This is an abridged version of an article published in Clay Minerals (2020, v55, pp 256-260).

Dr Barbara Zsusanna (Susanna) Neumann was the inventor of the extraordinary product known as Laponite®, which is a synthetic hectorite clay. The range of Laponite® products, developed in the UK during the early 1960s, is one of the first examples of truly nano-dimensional materials manufactured on an industrial scale at the time when the field of nanotechnology was only being hinted at (Feynman 1960). These hectorite-like synthetic nano-clays with very unusual properties have been an enduring commercial success for the UK company that first patented and introduced them to the market, Laporte Industries, and which is now a part of the BYK company.

Barbara Neumann was passionate about clay science and mineralogy and was determined to succeed on an industrial scale. Few are aware of her journey from wartime Hungary to Redhill in Surrey (England) and her determination to succeed in what was largely a man’s world. A number of momentous turns of fate led to the discovery of Laponite® and other industrial minerals, still produced in thousands of tonnes and utilized around the world today.

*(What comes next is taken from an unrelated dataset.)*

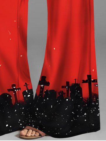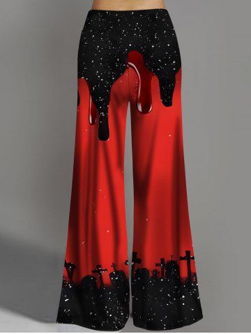 Halloween Galaxy Milk Pouring Print Wide Leg Pants - Red - M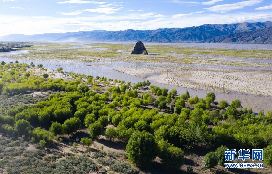 西藏雅魯藏布江兩岸栽植的樹木(7月16日無人機(jī)拍攝)。新華社記者 普布扎西 攝

Long-time friend and colleague Christopher Jeans takes up the tale:

Christopher Jeans: “Barbara began her life in England and her job at the Fuller’s Earth Union (FEU) in 1939 (Fig. 1) at a time of commercial flux for a long-established industry based on Ca-montmorillonitic earths. The earths were known only from a few localities, and they were being used up much faster than new deposits were being discovered.”

Barbara Neumann (née Beer) was born in November 1914 and her first vivid memory was fleeing, at the age of 2 or 3 years, with her family from Szolnok, central Hungary, during the First World War. She and her family had to move to Budapest (Hungary) to live with her grandmother. She later attended University – a significant achievement for a Jew in the Hungary of that time – to study physics. Significant pressure was brought to bear on Barbara to give up her studies, but she persevered (with the support of a generous uncle) and achieved a degree and then a PhD in physics.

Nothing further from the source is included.